COPPA Compliance & Online Research: What Parents Should Know
Learn how COPPA protects your child's data in online research, what consent means, and your rights as a parent.
# COPPA Compliance & Online Research: What Parents Should Know
The Children's Online Privacy Protection Act (COPPA) is a U.S. federal law enforced by the Federal Trade Commission (FTC) to safeguard the privacy of children under 13. If your child participates in online surveys, research studies, or data collection activities, understanding COPPA is essential to protecting their information.
What COPPA Covers
COPPA regulates how personal information is collected, used, and disclosed online, applying to operators of commercial websites, apps, and online services directed at children or those with actual knowledge of collecting data from minors. While the law primarily targets commercial entities, its reach extends to researchers conducting studies involving children through digital platforms, even in non-commercial or academic settings.
Personal information that falls within COPPA compliance requirements includes children's names, nicknames, email addresses, telephone numbers, home addresses, geolocation information, social security numbers, photos, video and audio files, persistent identifiers or trackers, and any information enabling physical or online contact with a specific individual.
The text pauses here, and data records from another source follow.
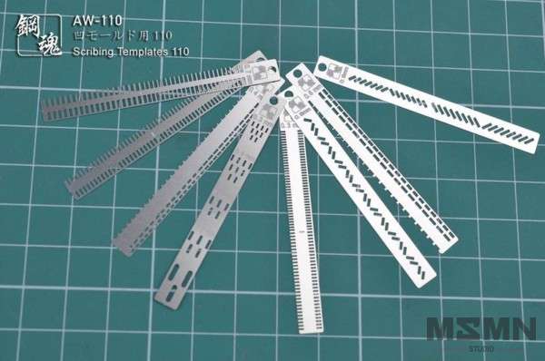Madworks Photo Etched Scribing templates for scribing plastic models. Make your own custom panel lines and details on your plastic model kit with these handy tools!
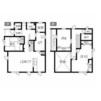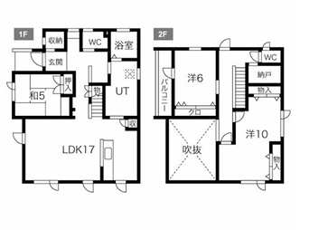 | 間取り | 3LDK1階:LDK17帖 和室5帖 / 2階:洋室6帖 洋室10帖 |
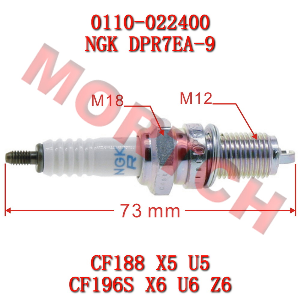 📌 Technical notes: NGK DPR7EA-9 spark plug, gap 0.9mm, resistor type. OEM CFMoto part numbers 0110-022400 / 172MM-022400, Linhai part numbers 35105 / 1BE-11130-00.
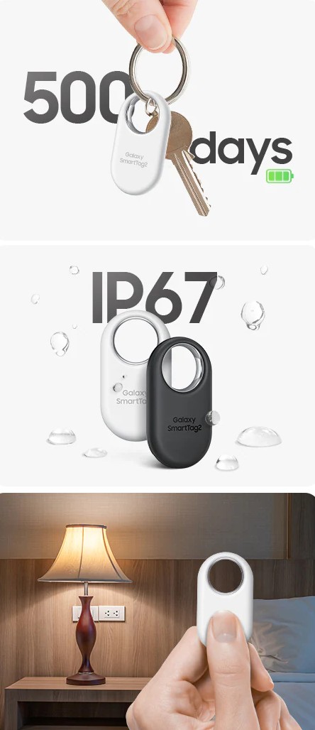 Обновленный Galaxy SmartTag2 удобен для маркировки и переноски, прочен благодаря классу защиты от пыли и воды IP67, обеспечивает удаленный доступ к вашим устройствам IoT и работает до 500 дней или даже на 40% дольше в режиме энергосбережения.
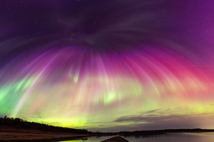 Ten years later, the Sun’s activity has been ramping up again, around the middle of the ongoing solar cycle 25. Photos acquired on May 10–11 show aurora associated with what NOAA called the most extreme geomagnetic storm since 2003. The image above, shot by Aurorasaurus ambassador Gunjan Sinha, shows the sky on May 11, looking south from near Saskatoon in Saskatchewan, Canada.
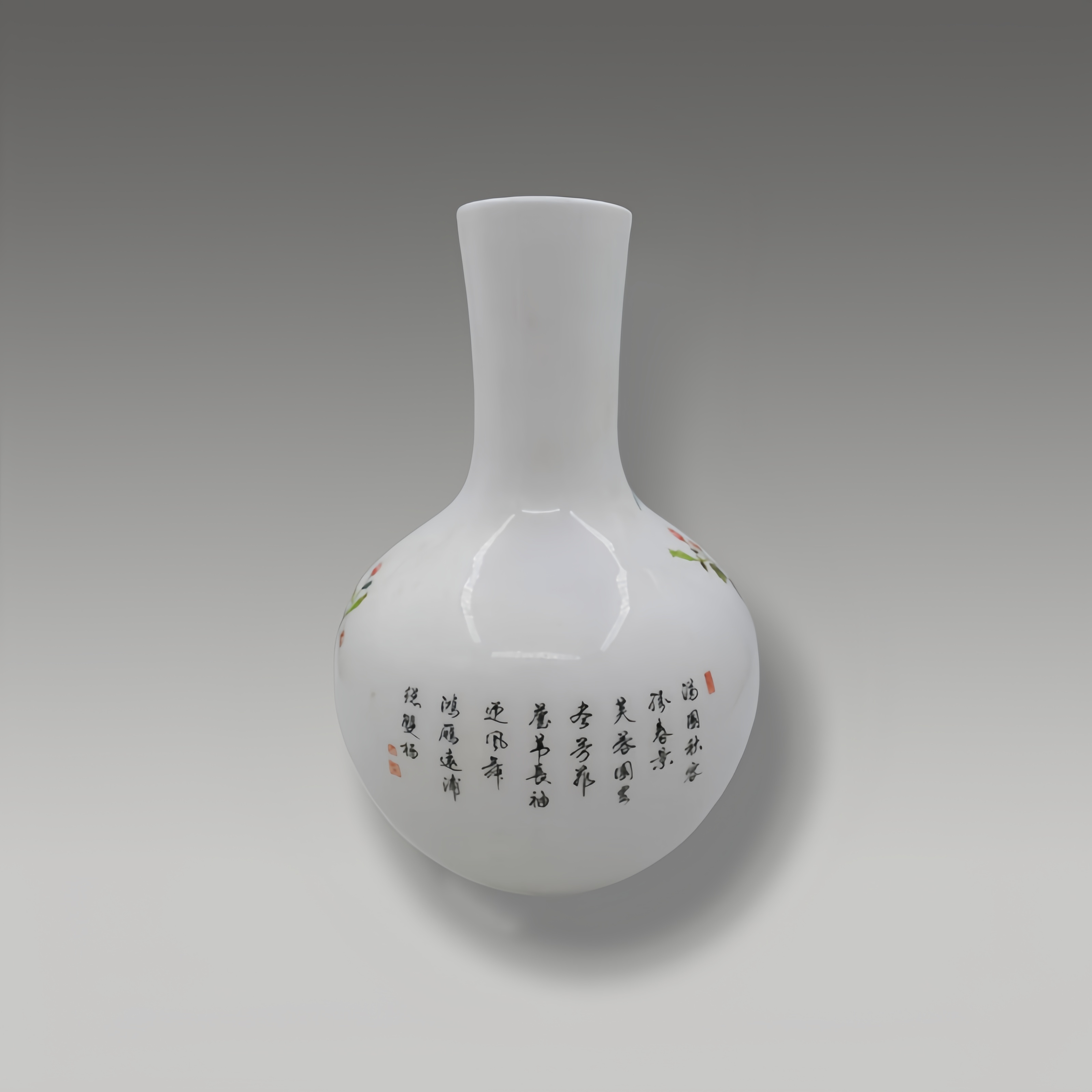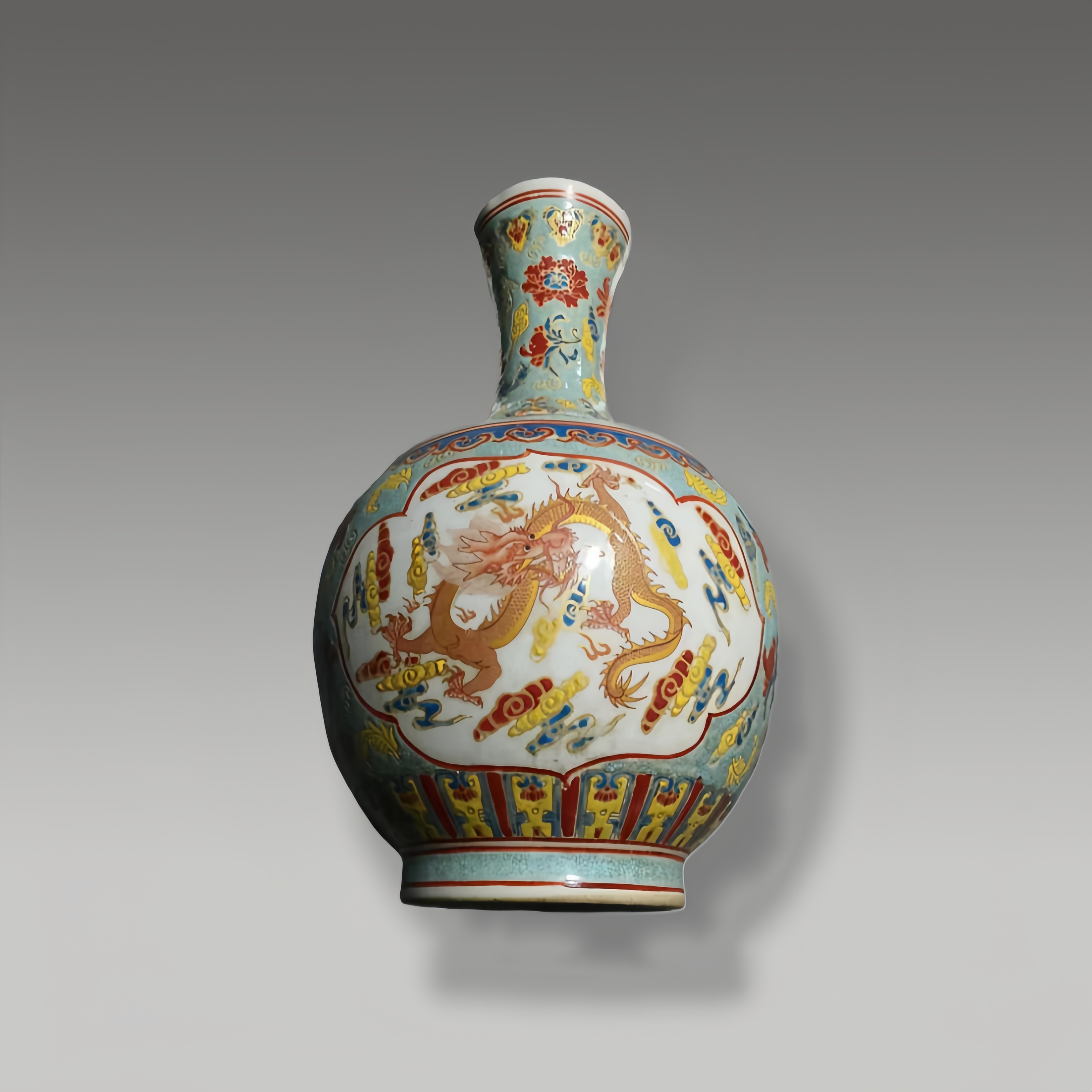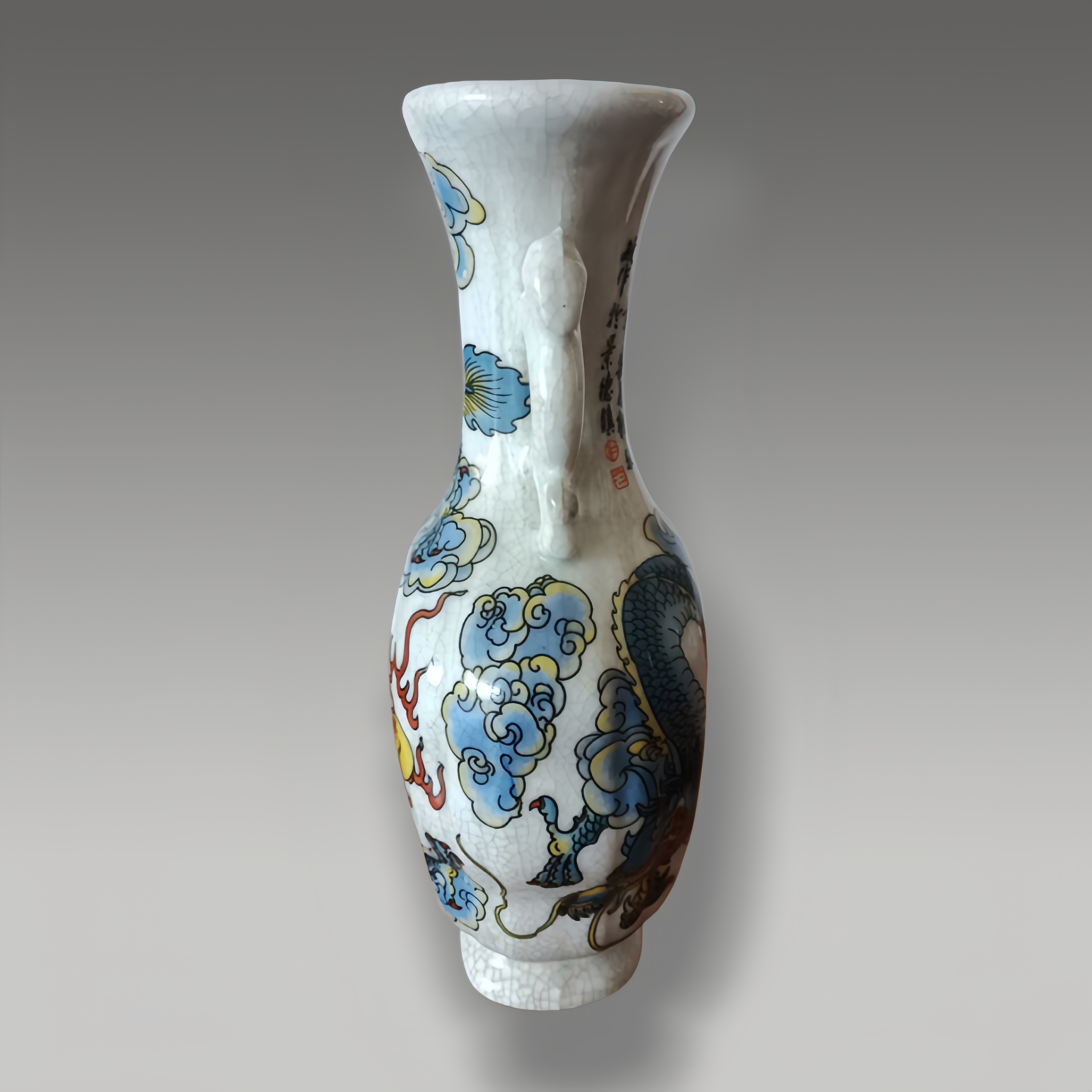 这只彩龙戏珠瓷瓶,开片细腻,龙纹矫健,青花与粉彩交映,题字风雅,尽显东方古韵与匠人心血
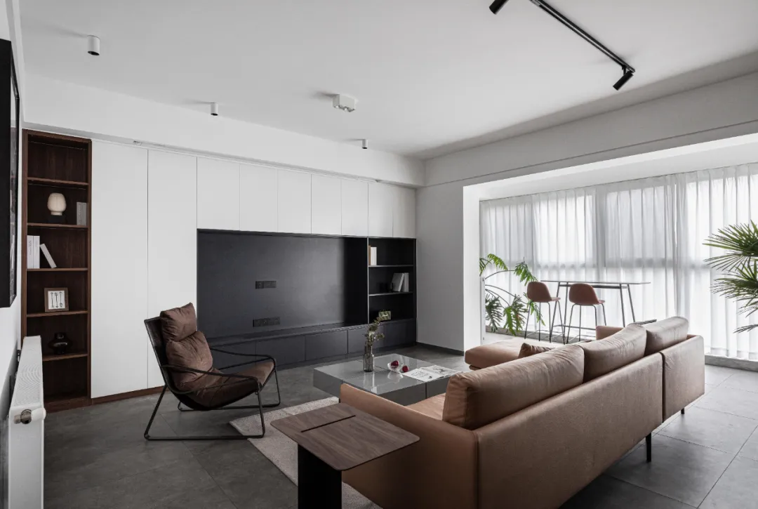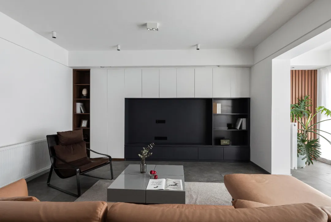 客厅有大量的书籍、零食和其他杂物的收纳需求,电视背景墙设计了整面储物柜,保持空间整洁干净。
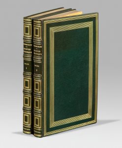 2 volumes in-8, maroquin vert foncé à long grain, double encadrement de multiples filets dorés, dos orné avec caissons dessinés aux filets dorés, encadrement intérieur de filets, doublure et gardes de soie moirée orange, tranches dorées sur témoins, couverture et dos, étui moderne (Mercier sr. de Cuzin).
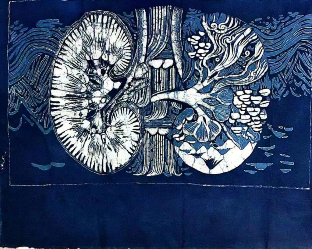 作品简介:在贵州的青山绿水间,蜡染艺术与医学智慧奇妙交融。瞧这肾脏结构图,肾主水,恰似贵州大地的脉络,调节着人体水液平衡。那蜿蜒的河流,如同肾经输布津液;灵动的湖泊,仿若肾中精气汇聚之所。蜡染以其独特的蓝白之美,勾勒出肾脏奥秘,也映衬着贵州山水的灵秀。愿我们于这方水土,赏蜡染之美,悟生命之理,珍视肾脏健康,让生命如贵州山水般润泽、悠长。
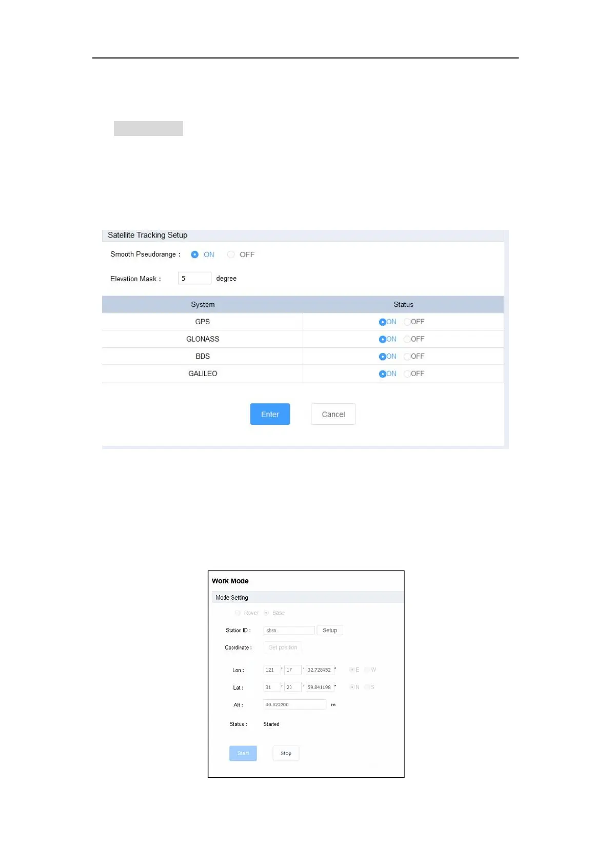 • Base: configure the receiver as a Base station and its settings. However, you can

Parental Consent Requirements
Researchers must obtain explicit consent from parents or guardians before collecting any personal information. An operator must choose a method reasonably designed in light of available technology to ensure that the person giving the consent is the child's parent.
Acceptable methods include phone calls, postal mail, multistep email verification, or digital signatures with identity verification. When amended rules take effect, you will also be able to collect verifiable consent using a 'text plus' method, which works similarly to the email plus method, except the initial verification goes to the parent's cell phone instead of their email address.
Your Rights as a Parent
Your privacy policy must tell parents that the parent can review or delete the child's personal information and refuse to permit further collection or use of that information, and state the procedures for doing so. The rule requires covered operators to only retain personal information for as long as reasonably necessary to fulfill a specific purpose for which it was collected, and explicitly states that operators cannot retain the information indefinitely.